Épilogue

Berius fixait le sol devant lui, assis sur un beau siège aux côtés de quelques autres militaires. La guerre s'était officiellement terminée il y avait de cela trois semaines, après un peu moins d'un mois de la bataille de Sialandar, ultime véritable confrontation du conflit. Il tenait une cane dans sa main, sa cuisse encore trop douloureuse pour pouvoir marcher sans aucune aide. Chaque matin il se réveillait et sentait son cœur tomber dans sa poitrine en se rappelant que Tulsei n'était désormais plus là. Il n'avait plus personne. Aucun de ses amis n'avait survécu à la guerre. Il avait plusieurs fois songé à enjamber un balcon, en haut d'une tour de la planète centrale, ou à appuyer sur la détente, le canon d'une arme pressée contre le crâne, mais à chaque fois il finissait par renoncer, afin de faire vivre la mémoire de ceux qu'il avait perdu, et de les honorer.

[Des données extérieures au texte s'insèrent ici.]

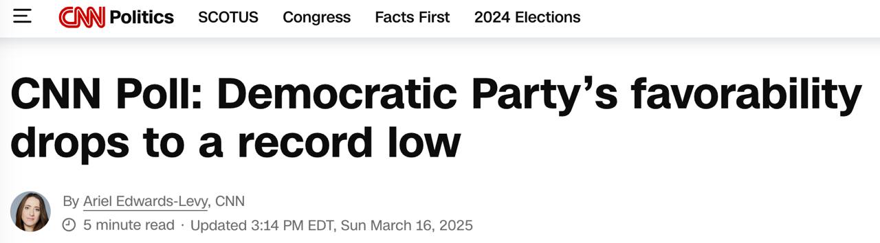 Его опрос показал, что рейтинг поддержки Демпартии сейчас составляет всего 29%. Это самый низкий показатель, зафиксированный в опросах CNN с 1992 года. Он на 20% ниже уровня января 2021 года, когда Дональд Трамп завершил свой первый срок.

S'il faisait de son mieux pour ne pas s'en vouloir pour la mort de Tulsei, un profond sentiment de culpabilité persistait en lui. Il avait la sensation que sa place aurait dû être dans un cercueil, tombé au combat, et non ici, à patienter, alors que tant d'autres qui auraient mérité de vivre n'en avaient pas la chance. Ses nuits étaient remplies de cauchemars, l'obligeant à suivre un traitement sans lequel il ne trouvait pas de repos. Tout son trop fort, tout ce qui lui rappelait le bruit d'une arme à feu, la vue même du sang, le faisaient maintenant défaillir, et il se retrouvait à trembler en se balançant légèrement, les souvenirs de la guerre dansant devant ses yeux. Il cherchait un nouveau logement. Une maison isolée, sur une planète calme, loin de la ville, afin de ne plus penser aux horreurs qu'il avait vécu, et ne plus rien devoir à personne.

Finalement, on vint les appeller, et il se leva, comme les autres officiers présents autour de lui. Il se mit en rang avec eux, le regard vide, et suivit le mouvement, arrivant dans une grande salle munie de gradins. Ils se mirent alors en ligne, au garde à vous, face à ces gradins, et un amiral quelconque passa devant eux, leur accrochant une médaille sur l'uniforme, tandis qu'une personne faisait un discours creux sur des "actions décisives durant la guerre", un "courage exemplaire", et d'autres termes vides. Après que tous aient été décorés et que le discours ait été fini, les personnes présentes dans les gradins se mirent à applaudir. Au milieu de toutes, Berius reconnut Shekafdala, la sénatrice qui possédait la compagnie ayant mis au point les croiseurs sur lesquels ils avaient volé.

Une profonde haine monta alors en lui devant ces riches politiques qui les applaudissaient pour avoir tout sacrifié dans une guerre ne les ayant jamais concerné. Les responsables de ces cinq années de terreur, de mort et de destruction étaient devant lui, frappant dans leurs mains avec un air serein et satisfait, l'esprit vide de traumatismes, n'ayant jamais pensé une seule secondes aux vies perdues des gens qu'il avaient envoyé tuer et se faire tuer en leur nom, n'ayant aucun regret, pas un remord. Ils échangeaient ces années de sacrifices contre une pièce de métal accrochée à du tissu, quelques applaudissements et parfois un discours hypocrite sur la difficulté d'une guerre qu'ils n'avaient jamais eu à combattre et dont ils n'avaient jamais eu peur des conséquences.

Berius serra les poings, observant ces visages bien nourris et sans l'ombre d'un soucis, ces mains sans un défaut, n'ayant pas touché de saleté depuis bien des années, cette posture de supériorité que la richesse leur donnait. Son esprit ne parvenait pas à formuler de façon suffisante tout le mépris qu'il ressentait pour eux, toute la rancune, la répugnance et le dégoût qui le prenaient alors pour ces nantis. Il avait envie de les faire souffrir, un par un, pareillement à la façon qu'ils l'avaient fait souffrir. Il voulait plus que tout les détruire, autant qu'ils l'avaient réduit à rien, ruiné, ne l'avaient fait devenir que l'ombre de lui-même.